The hand travels down, along each rib, until it sits at Song Lan’s hip. He inhales sharply, channeling all his energy into keeping his cock soft. Fuck , he thinks. 

“Pushed me how?” he manages to say aloud, and that’s when he knows Xingchen has won—that by asking how rather than why , he’s already accepted Xingchen’s desire, has already adopted it as his own. 

“Pushed you in the right direction,” Xingchen finally says. “Maybe he’ll help me—maybe he’ll help the both of us.” Xingchen smiles, each tooth a star. He could be a deity , Song Lan thinks, trying to bury the urge to grovel. 

 


 

In Song Lan’s dream, Xingchen is being fucked by the yaoguai. 

They’re in a plain room. No bed, just a chair. Xingchen has his legs splayed out, knees knocked open. The monster is fucking him from behind with limbs that don’t look like anything Song Lan has ever seen before. The yaoguai’s body billows out like a net of hair. One moment it has no shape at all—a black-black donut, a hole, an amorphous stain against the white room. The next moment, it’s grown a dozen arms, each slick and black and corded. The appendage that’s fucking Xingchen— it’s cock, Song Lan realizes with a jolt—runs thick as an arm. It pulses with promise. As Xingchen’s hips lift up, Song Lan can make out the barest outline of a tip: something flared and flowered, like a chrysanthemum in bloom. Every once in a while, it bulges at the base before rippling up into Xingchen. 

“Fuck,” Xingchen hiccups. He’s panting. His belly bows outwards, as if he were actually—

Song Lan dismisses the idea. He feels woozy. Xingchen’s cock has always made him feel as if the floor has been stolen from beneath his feet. He stares at it, unable to look away. It’s pink. Pretty. Its the same cock that Song Lan has seen for years yet somehow it inspires a certain hesitance—the fear that, if Song Lan were to give into his desires, he wouldn’t be able to stop.  

“Zichen.” 

Song Lan’s eyes snap back up. There’s a black mass along Xingchen’s mouth. It isn’t a hand but it isn’t not-a-hand. Xingchen trembles into the hold, and somewhere in Song Lan’s hindbrain he knows that the voice is in his head, that this is what Xingchen wants —that Xingchen wants more of this—that the worst thing that could happen now is if it were to stop.

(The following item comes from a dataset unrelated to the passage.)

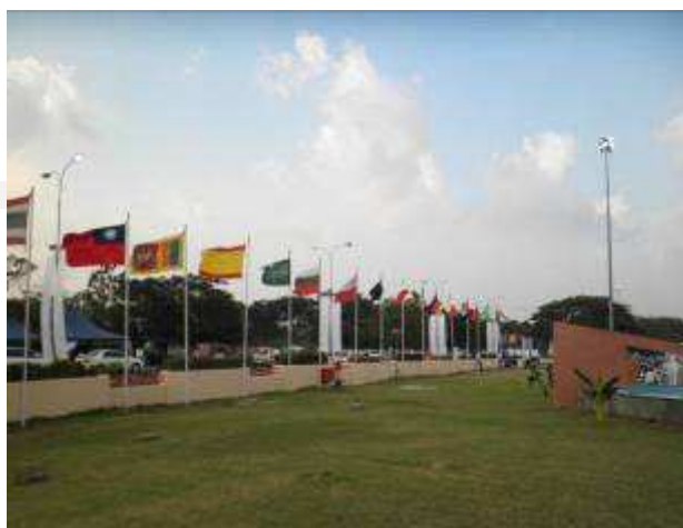
Foto: Exterior de la IILF

Las empresas pertenecientes a este sector tienen una producción anual superior a los 610 millones de euros. El 70% de la producción se destina al mercado nacional y el 30% restante a la exportación. En la actualidad, existe un ritmo de crecimiento lento pero sostenible, tras superar el periodo de reestructuración que ha redefinido a las empresas y al nuevo modelo productivo que el sector ha implantado y que se apoya en el diseño, la calidad del producto, el servicio rápido y la innovación aplicada a los productos.

The not-hand drips. The darkness spills, pooling down Xingchen’s chest, an obscene tapping, like fingers slicked with cum. By now Xingchen’s legs are parted so widely that Song Lan can see everything—can see the moment that the yaoguai circles a separate—another hand— around Xingchen’s cock, encasing it in a tangle of ink. The air sizzles. 

“Xingchen,” Song Lan breathes.

  It’s a shame, Zichen. Look at him. You’ve left him untouched for so long.

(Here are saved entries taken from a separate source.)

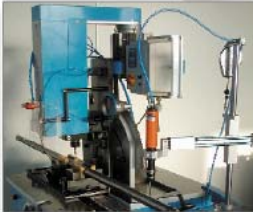
B8: in 1 Aufspannung Fließformen und Gewindeformen unter 90°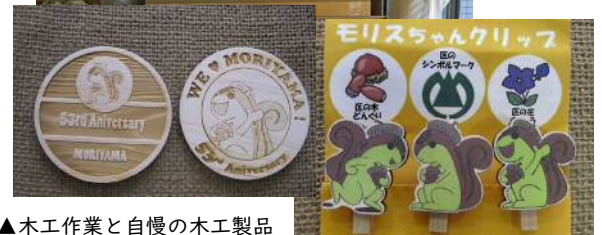
▲木工作业と自慢の木工製品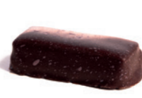
ALVARO Chocolat Illanka Pâte de fruits : Mûres, cassis, myrtilles - 40%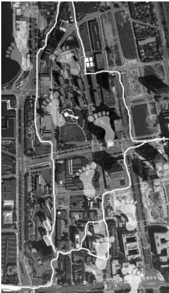
De witte lijn en voetafdrukken op de luchtfoto verbeelden het parcours „Ratten en Muizen”.

Het ligt in de lijn van het voorgaande dat de con-

There’s a moment where nothing happens, where the world falls away and the only thing Song Lan knows is the pitch of Xingchen’s keening—slow, steady, pitched too high for any human throat. 

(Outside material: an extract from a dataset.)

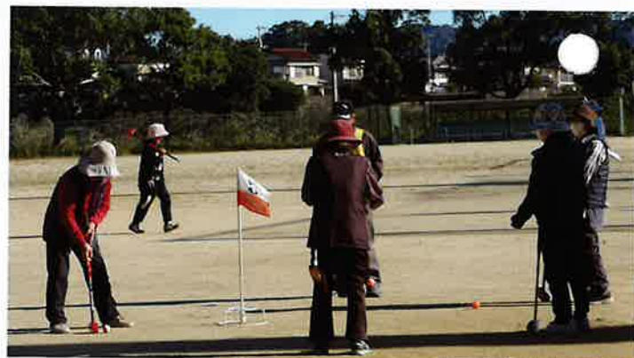
練習の成果が！100%・・・"楽しいね！"

The darkness recedes. Pulses. And then— 

Zichen. ” 

A fine finger of darkness swirls up around Xingchen’s cock and burrows in. Almost immediately Xingchen screams as his cock swells, engorged from the inside-out. 

  If you’re not going to fuck Xingchen, I’ll just do it for you.

The darkness pumps—once, twice, three times—as Xingchen’s thighs quake. He’s so hard—so flushed—Song Lan has seen him like this maybe only once, maybe just the first time they fucked, when Xingchen had been desperate for it—for a touch—for— 

“— anything, please please please —” Xingchen is babbling. His cock bobs from the heft of the yaoguai inside of him. Song Lan should stride over. Fight. 

He tries to get up, tries to stumble up, but finds himself immobile. 

“Fuck—”

When he looks down, he realizes he’s being held back by his ankles. Sticky black veins root him to the floor. He blinks. There’s something wrong. His cock—his cock isn’t there. Where it would have once stood, stout and thick and angry—is instead a strange emptiness—a shadow that stretches from thigh to belly. When Song Lan shifts his hips, trying to understand—to comprehend the change in his—in his—

His insides thrum as something slithering tongues up, sucking at his chest.

You taste like a bruise. 

Song Lan heaves. Bucks up to throw off the shadow but the motion only allows the darkness—the yaoguai—to clamp down further. He twists as pleasure begins to bloom from the yaoguai’s touch. It’s incomprehensible. It’s—

Dully, a part of him realizes that he’s now hollow between his legs. Yes. That’s it. His cock has shrunk, has inverted itself. And the darkness between his legs balloons out, an empty tunnel, like a glove seeking a hand. 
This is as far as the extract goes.